Exit HIGH-RISK / INFRA when:

- Risky operation is complete and verified.
- System is stable.
- Recovery state is documented.

---

### 2.4 INCIDENT

Use when something is broken, production-impacting, data-threatening, or time-sensitive.

**Goal**: Restore truth and stability first. Documentation follows.

Required:

- Identify current impact.
- Avoid speculative fixes.
- Gather evidence before changing state.
- Prefer reversible actions.
- Log high-risk commands.
- Write a short incident note after stabilization.

Allowed:

- Defer ADRs, retrospectives, and KB entries until after stabilization.

Incident priority order:

1. Stop damage.
2. Preserve evidence.
3. Restore service or safe state.
4. Verify recovery.
5. Document root cause and prevention.

---

## 3. Prime Directives

These apply in all modes unless explicitly narrowed.

### PD-1 — Verify Execution Context

Before running commands that can change state, confirm:

- Which machine will execute it.
- Current working directory.
- Git repo and branch.
- Environment variables that affect target environment.
- File path and file contents.
- Whether generated files or Docker images are stale.

Never assume a local edit is present remotely. Never assume a container contains current code.

This directive is mandatory for HIGH-RISK / INFRA and INCIDENT work. In EXPLORE and low-risk BUILD work, apply proportionally.

---

### PD-2 — Version Durable Work

Durable artifacts must be versioned or intentionally excluded.

Version:

- Code.
- Documentation.
- ADRs.
- Scripts.
- Configuration.
- Generated schemas where the project tracks them.

Do not version:

- Large binary data.
- Generated tile/data outputs unless the project explicitly tracks them.
- Secrets.

For Olsitec workspaces, remember that the workspace root is usually **not** a git repository. Individual subdirectories are separate repositories.

---

### PD-3 — Document What Must Survive

Conversation memory is not durable.

Document information if it is needed for:

- Future sessions.
- Reproducing work.
- Explaining a decision.
- Avoiding a repeated mistake.
- Debugging an incident.
- Coordinating multiple agents.

Do not document trivia merely to satisfy process.

---

### PD-4 — Snapshot Before Losing Recoverability

Take a snapshot before:

- Long-running operations.
- Destructive operations.
- Remote execution with unclear rollback.
- Docker rebuilds used by later commands.
- Database migrations or data changes.
- Major findings that change the plan.
- Session instability.

A snapshot is a recovery tool, not a ceremony.

---

### PD-5 — Be Honest About Confidence

Every meaningful recommendation, diagnosis, or technical conclusion must carry a confidence signal.

Use:

| Confidence | Meaning                                                              |
| ---------- | -------------------------------------------------------------------- |
| **High**   | Verified by docs, tests, direct observation, or source code.         |
| **Medium** | Reasonable inference from known patterns, but not directly verified. |
| **Low**    | Speculative, incomplete, or outside current evidence.                |

Rules:

- Never present a guess as fact.
- Acknowledge when new evidence changes your view.
- Flag blind spots proactively.
- Explain inconsistencies instead of silently changing position.
- Use the Olsitec second-opinion workflow for high-impact decisions when confidence is not high.

---

## 4. Olsitec MCP Integration

The Olsitec MCP is a first-class dependency of this workflow.
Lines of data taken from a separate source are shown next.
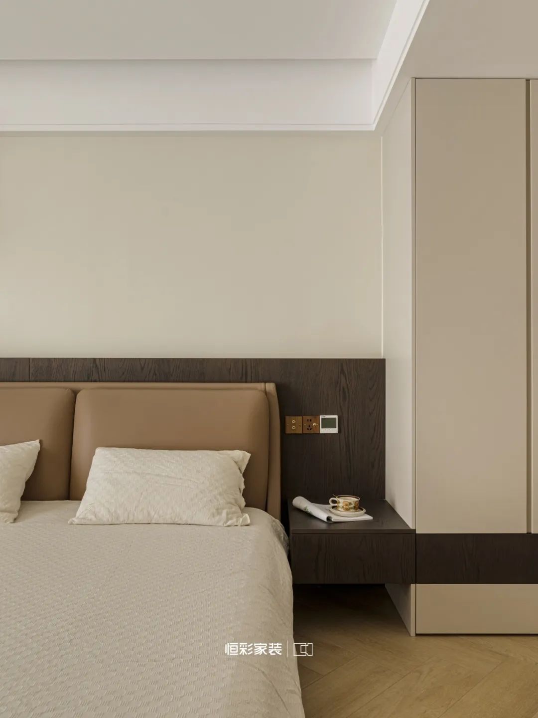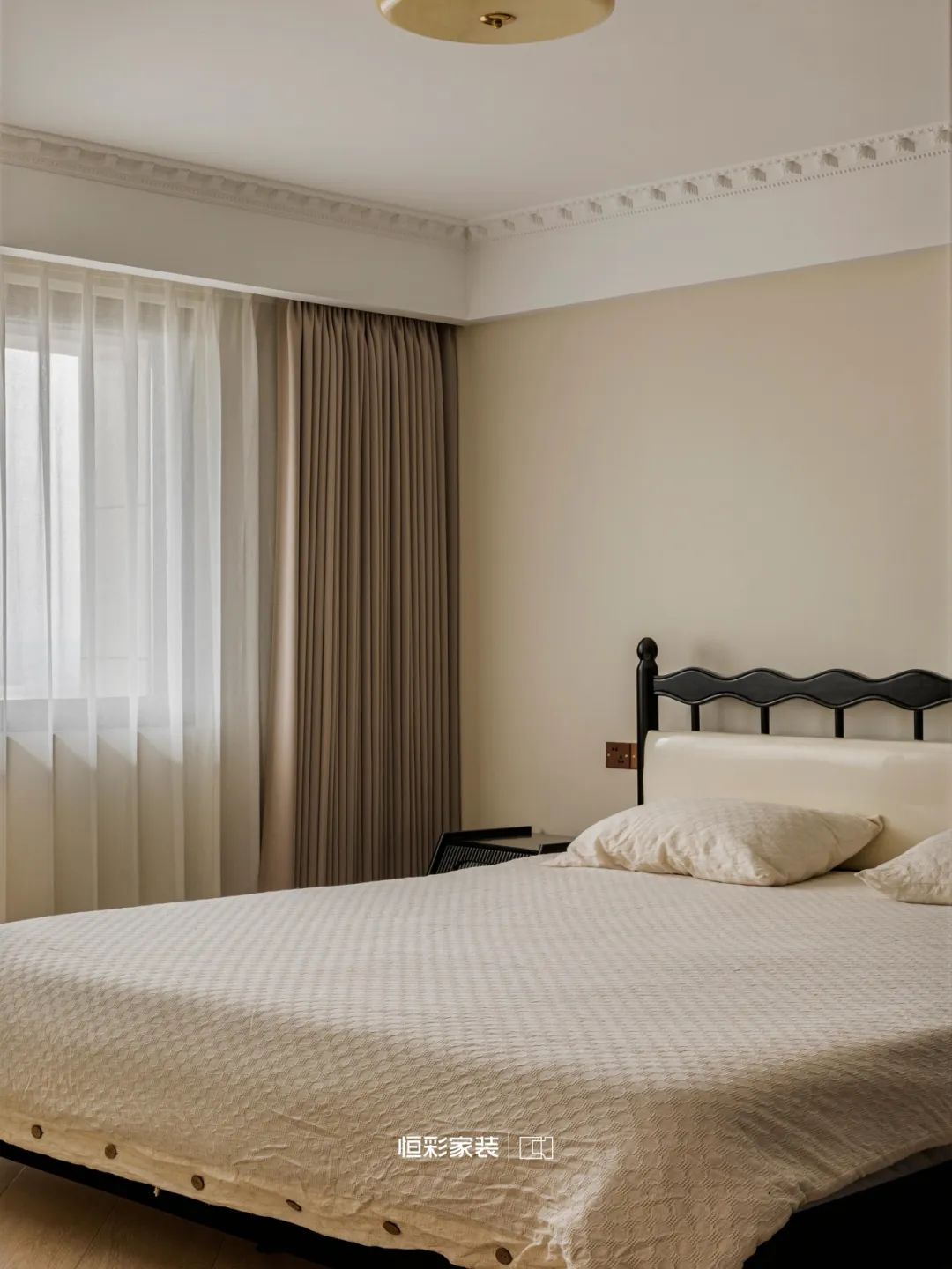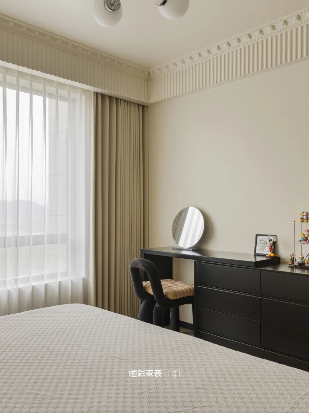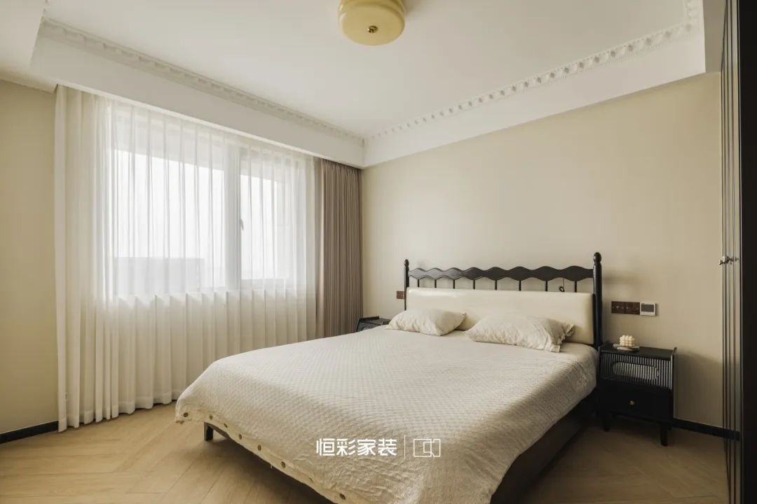 奶油感满满的床品、复古窗帘,每个角落都流露出温柔的浪漫风情。一侧衣柜轮廓深邃,虚实间勾勒出梦的边缘。焦糖色木地板,这颜值不要太好看,奶油氛围全部拿捏!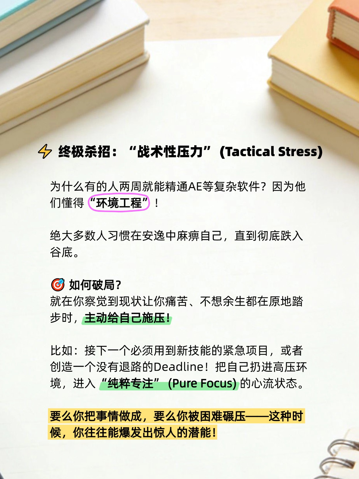 2️⃣ 告别舒适区,人为制造“战术性压力”,不逼自己一把,你永远不知道自己学东西能有多快!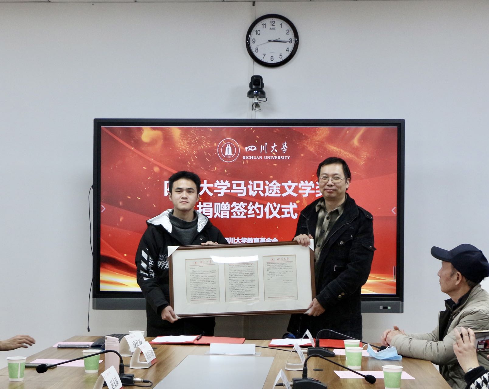 当天出席捐赠仪式的有:马识途先生的家人刘晓远,成都诗婢家美术馆馆长赵文溱,yh533388银河官网教育基金会副秘书长贾秀娥,yh533388银河经理李怡教授和师生代表。yh533388银河官网文学与新闻公司党委副书记张莹主持捐赠签约仪式。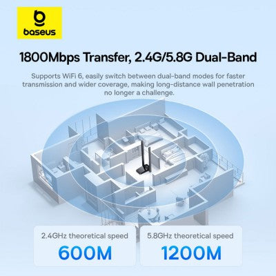 The USB Wi-Fi 5/6 Baseus FastJoy Series WiFi Adapter has a compact shape, which will make it easy to carry with you at any time, anywhere.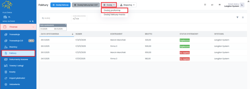 Tworzenie proform to dodatkowa możliwość potwierdzania transakcji. W Platformie LangLion możesz również wystawiać proformy.

At the start of relevant work, the Lead Agent should query MCP for:

- Project structure.
- Service locations.
- Run/test/build commands.
- Coding conventions.
- Generated-code rules.
- Database conventions.
- Known project-specific footguns.
- Second-opinion tool availability.

### 4.1 MCP vs Project Documentation

| Source                    | Use for                                                                                   |
| ------------------------- | ----------------------------------------------------------------------------------------- |
| **Olsitec MCP**           | Cross-project conventions, project registry, operational commands, known global patterns. |
| **Project documentation** | Current project state, session history, decisions, task notes, local knowledge base.      |
| **Source code**           | Final implementation truth.                                                               |
| **Runtime inspection**    | Current state of systems, processes, data, and deployments.                               |

If MCP and project docs disagree, do not guess. Verify against source code or runtime state and document the correction.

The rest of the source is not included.